Even what is still called "American" studies is riddled with anti-American prejudice. Cultural critic Alan Wolfe has surveyed these studies, and he ironically concludes that current academics in the field, such as those at Dartmouth and Duke, display "a hatred of America so visceral that it makes one wonder why they bother studying America at all." Like Said and his acolytes, these professors condemn the United States as imperialistic. They attack even the concept of our national unity, pronouncing this country to be an "imagined national community" and defining their role as "fracturing the very idea of an American nation, culture, and subject."
Another school of radicals does some imagining of its own.

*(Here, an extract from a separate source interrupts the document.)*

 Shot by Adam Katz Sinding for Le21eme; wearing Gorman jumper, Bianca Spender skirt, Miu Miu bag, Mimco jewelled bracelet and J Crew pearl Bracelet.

It envisages an international political monolith with which to replace America and indeed all of liberal democracy in the West. These yearnings are embodied in a doctrine called "transnational progressivism," which is gaining prominence in law schools, for example, at Princeton and Rutgers. As John Fonte of the Hudson Institute points out, professors in this camp argue for the establishment of a new transnational regime, or world government, that is post-liberal democratic and, in the American context, post-Constitutional and post-American. Within such a regime the key political unit would not be the individual citizen who voluntarily associates with fellow citizens but the racial, ethnic, or gender group into which one is born.
What can be done to counter this widespread academic radicalism? How do we return to intellectual pluralism in our colleges and universities?

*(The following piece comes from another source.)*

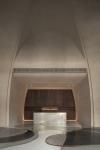 In this showroom, we try to bring the visitors back to 1966 by reimagining the ceramic firing process. Stepping into the showroom, visitors will be greeted by a grand dome that mimics the shape of a kiln with a wood-textured wall on the back of the front desk. When light projects from the bottom floor, it creates a visual movement of the fireplace effect with the wood texture, creating a simple atmosphere with the theatrical, artistic beauty of nature. The main showroom walls are decorated with a rough kiln surface texture and color, creating a strong but soothing color and texture comparison between the surroundings and the display pieces.

A first step lies in reforming the autocratic hiring and promotion practices that permit the likes of De Genova to replicate their ranks and to cement their control of ideas. In an essay titled "Academic Corruption" published in The Monist, John Kekes, a professor at the State University of New York-Albany, explains how this process has been tainted. The choice of new faculty members is now commonly driven by the prejudices of those academics making the selection — not by how qualified the applicants are to uphold the truth as teachers or researchers. Hiring is furthermore influenced by something called "collegiality," which is a code word for whether the attitude of the applicant — that is, regarding Left-wing causes and social transformation — is to the liking of the committee.

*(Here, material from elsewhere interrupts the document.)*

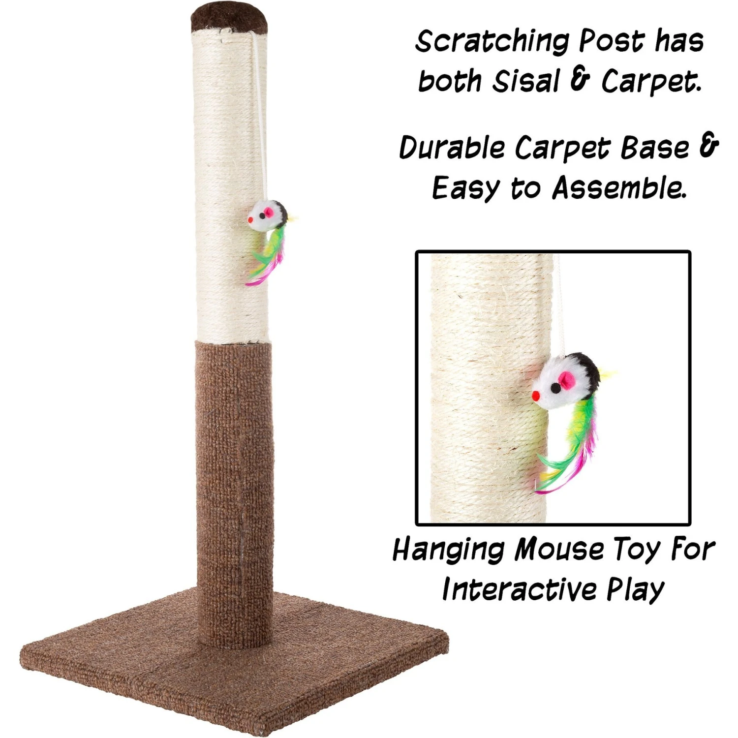 - Carpet and sisal rope offer a variety of textures to capture your kitty’s interest.

The right of extremist and antiwar professors like De Genova to spew forth their anti-American venom must be protected. But students also have a right to hear the views of traditionalist scholars, and those who would defend our national identity and this country. Fair and open faculty hiring would foster educational diversity on campuses. It is urgent that faculties and higher education governing boards ensure such openness.
Candace de Russy is a member of the Board of Trustees of the State University of New York. She chairs the board's Committee on Academic Standards. De Russy was appointed to the Board of Visitors of the U.S. Air Force Academy by President George W. Bush in 2002.